Problem to work on ::
Reproduce only this range: the line holding "Set on 3.9 acres, this" through the last line of the data below, both included, exactly, with no pictures.

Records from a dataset
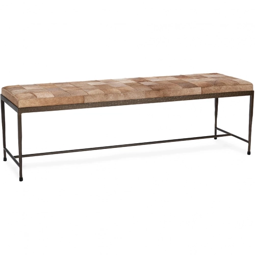 Classic Home Achen 60" Bench in Tonal Blonde Hair on Hide & Embossed Hammered Iron
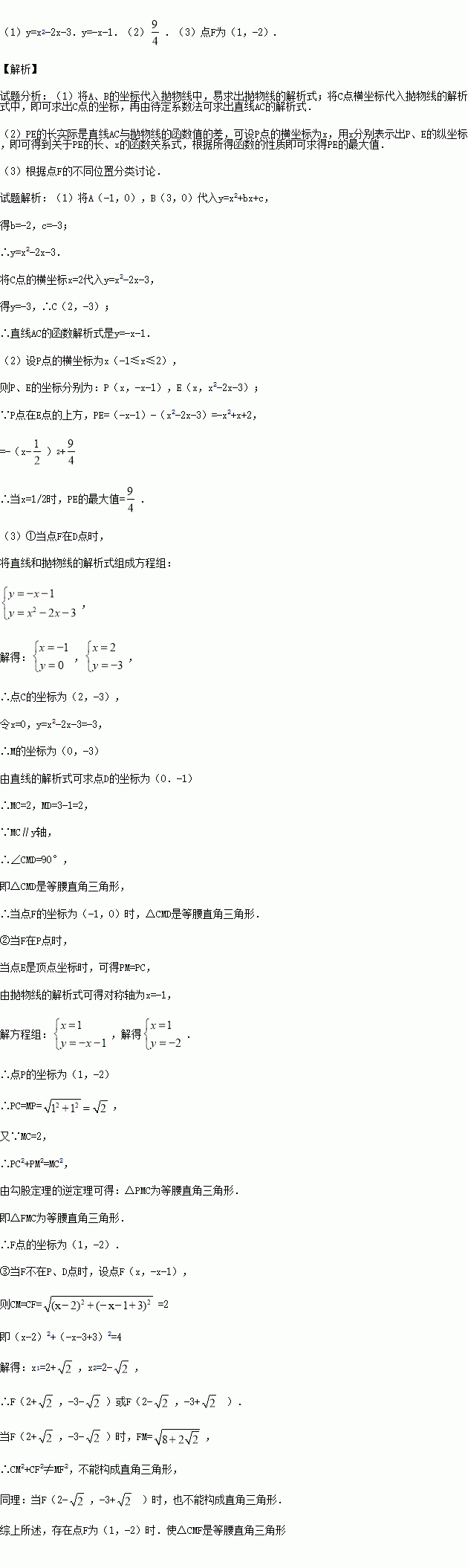 (3)点M(m,-3)是抛物线上一点,问在直线AC上是否存在点F,使△CMF是等腰直角三角形?如果存在,请求出点F的坐标;如果不存在,请说明理由.
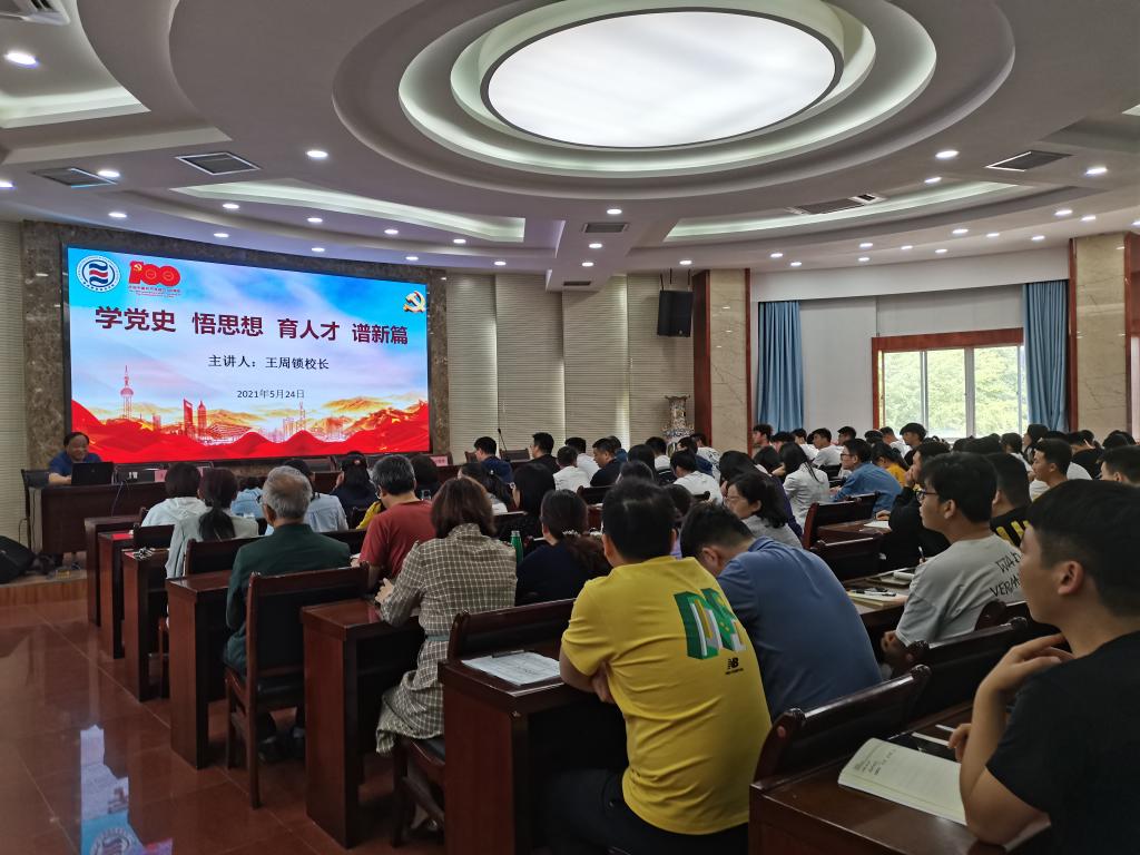 按照学校党史学习教育统一部署,524下午,党委副书记、校长王周锁学党史、悟思想、育人才、谱新篇为题,为水利工程学院教职工和学生党员上了一堂专题党课。党课由水利工程分院党总支书记刘儒博主持。
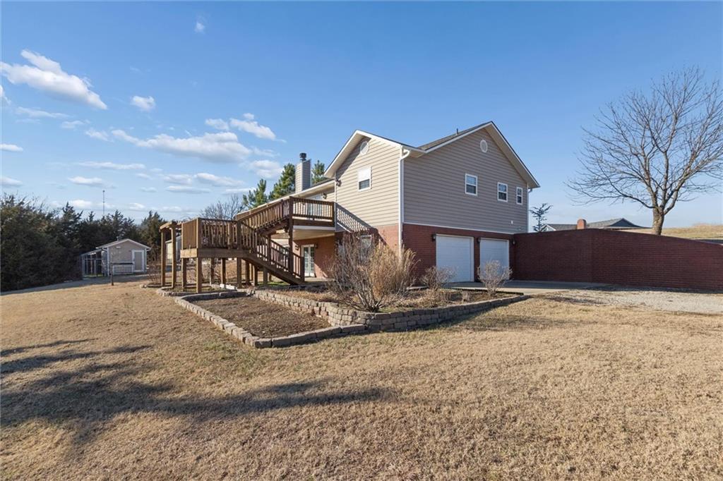 Set on 3.9 acres, this stunning hillside ranch offers 4 bedrooms, 3 baths, and 2,364 sq ft of living space with breathtaking panoramic views of Caney. The main floor features ¾ rough-hewn oak floors, an open layout with wood-burning fireplace, primary suite with private bath, and French doors leading to a spacious deck. The walkout basement includes a second living area with fireplace, garage access, guest bedroom, and full bath. Recent updates include a new roof (2024), HVAC (4 yrs), and 60-gal water heater (3 yrs). Outdoor highlights include a stocked pond, enclosed chicken coop, 15 irrigated raised garden beds, a small vineyard, fruit trees, and perennial landscaping. Extras like a storage shed, weather station, security camera, and LED lighting make this Caney Heights gem move-in ready. Schedule your showing today!
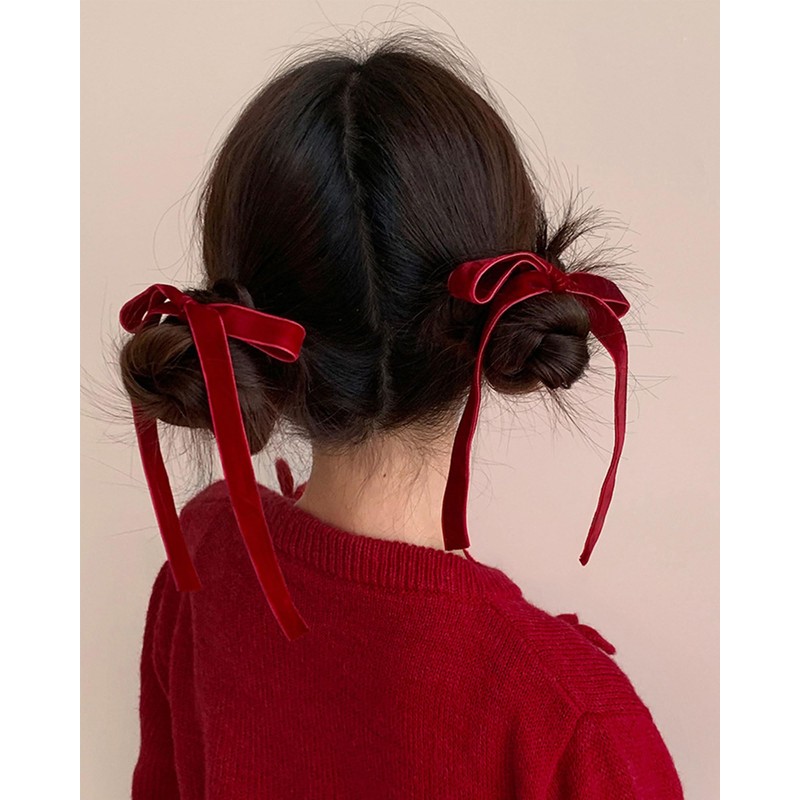 Sheepyo Velour Ribbon, Hair Band, Black, Velvet, Scrunchie, Hair Accessory, Hair Ornament, Ribbon, Red, Wedding, Stylish, Set of 4

Answer for the task ::
 Set on 3.9 acres, this stunning hillside ranch offers 4 bedrooms, 3 baths, and 2,364 sq ft of living space with breathtaking panoramic views of Caney. The main floor features ¾ rough-hewn oak floors, an open layout with wood-burning fireplace, primary suite with private bath, and French doors leading to a spacious deck. The walkout basement includes a second living area with fireplace, garage access, guest bedroom, and full bath. Recent updates include a new roof (2024), HVAC (4 yrs), and 60-gal water heater (3 yrs). Outdoor highlights include a stocked pond, enclosed chicken coop, 15 irrigated raised garden beds, a small vineyard, fruit trees, and perennial landscaping. Extras like a storage shed, weather station, security camera, and LED lighting make this Caney Heights gem move-in ready. Schedule your showing today!
 Sheepyo Velour Ribbon, Hair Band, Black, Velvet, Scrunchie, Hair Accessory, Hair Ornament, Ribbon, Red, Wedding, Stylish, Set of 4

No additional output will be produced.